A search engine is a database of many web pages. Most engines display the number of web pages they hold in their database at any given time. A search engine generally “ranks” or orders the results according to a set of parameters. These parameters (called algorithms) vary among search engines.

Search Engine Marketing (SEM)

A type of Internet marketing that specializes in increasing a Website's visibility in search engine result pages (SERPs) through the use of Search Engine Optimization (SEO), Pay-Per-Click Advertising (PPC), and Web analytics.

Search Engine Optimization (SEO)

The process of editing a web site’s content and code in order to improve visibility within one or more search engines. Search Engine Optimization (SEO) attempts to position pages higher within the organic ("natural") listings on search engines, as opposed to the sponsored listings (paid ads).

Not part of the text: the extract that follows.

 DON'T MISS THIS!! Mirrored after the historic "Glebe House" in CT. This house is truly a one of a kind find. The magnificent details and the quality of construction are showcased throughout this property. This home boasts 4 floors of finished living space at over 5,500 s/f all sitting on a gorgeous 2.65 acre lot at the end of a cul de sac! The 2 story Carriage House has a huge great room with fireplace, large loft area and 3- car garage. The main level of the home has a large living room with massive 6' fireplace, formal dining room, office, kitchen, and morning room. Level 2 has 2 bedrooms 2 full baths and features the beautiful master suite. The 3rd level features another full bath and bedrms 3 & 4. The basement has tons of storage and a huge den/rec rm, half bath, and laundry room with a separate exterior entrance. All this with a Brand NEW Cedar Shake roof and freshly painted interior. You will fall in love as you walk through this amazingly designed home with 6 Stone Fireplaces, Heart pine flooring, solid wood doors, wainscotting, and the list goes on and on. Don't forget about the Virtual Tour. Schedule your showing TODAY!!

Search Engine Results Page (SERP)

The page delivered to a searcher that displays the results of a search query entered into the search field. Displays both paid ad (sponsored) and organic listings in varying positions or rank.

Search Query

The word or phrase a searcher types into a search field, which initiates search engine results page listings and Pay-Per-Click Advertising (PPC) ad serves. In PPC advertising, the goal is to bid on keywords that closely match the search queries of the advertiser’s targets.

Social Media

Websites in which users actively participate, interact, and communicate to determine the content. Examples: Facebook, Twitter, MySpace, YouTube, Wikipedia, Digg, etc.

Sponsored Listing

A term used as a title or column head on search engine results pages (SERPs) to identify paid advertisers and distinguish between paid and organic listings. Alternate names are Paid Listings or Paid Sponsors.

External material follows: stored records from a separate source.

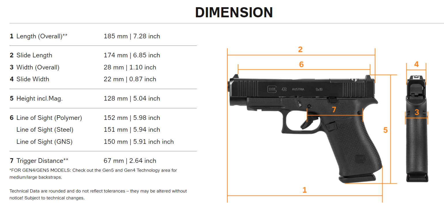 בעל אורך וגובה זהה לזה של הגלוק 19, אבל בעל פרופיל צר, המאפשר נוחות ויכולת הסלקה, מבלי להתפשר על איכות.
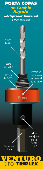 El Porta Copas de Cambio Rápido GT-PCR es un accesorio de la línea Venturo Giro Triplex diseñado para facilitar el uso de sierras copa de diferentes medidas de forma ágil y segura.
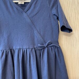 Adorable and comfortable Hanna Andersson girls dress in a rich navy blue color. Features a wrap-style bodice with a cute bow detail at the waist and short sleeves. Made from soft, high-quality cotton that’s perfect for everyday wear or special occasions.

Refers to the number of visitors a website receives. It can be determined by examination of web logs and through analytics.


Unique Visitor

Identifies an actual Website visitor, who is tracked by a unique identifiable quality (typically Internet Protocol [IP]address). If a visitor comes to a Web site and clicks on 100 links, it is still only counted as one unique visit.


Viral Marketing

Refers to marketing techniques that use pre-existing social networks to produce increases in brand awareness. The awareness increases are the result of self-replicating viral processes. It can often be word-of-mouth delivered and enhanced online; it can also harness the network effect of the Internet and can be very useful in reaching a large number of people rapidly. Also called viral advertising.


Web 2.0

A Web 2.0 site allows its users to interact with each other and determine the site's content. The term is frequently used to refer to an unspecific new version of the World Wide Web and the future of the Internet. Also see social media.

Web Analytics

Understand what visitors are doing on your Website. An online process that measures, collects, analyzes, and reports Internet data for purposes of understanding and optimizing search results, as well as for business and market research. With analytics, we're more prepared to write better-targeted ads, strengthen your marketing initiatives and create higher converting websites.

Website Optimization

Discover what motivates your visitors to become customers. The practice of increasing your existing website's traffic and value by implementing tests and techniques that optimize the site's content and design. Website tests include A/B testing (testing one variable at a time) and multivariate testing (testing more than one variable at a time). The primary goal of website optimization is usually to increase revenue and the number of conversions.

Web Server Logs

Large text files which keep a running count of all search terms used by visitors to your site. Most web server software and all good web analytics packages have these. Useful for developing and refining Pay-Per-Click (PPC) campaign keyword lists. Also called Log Files.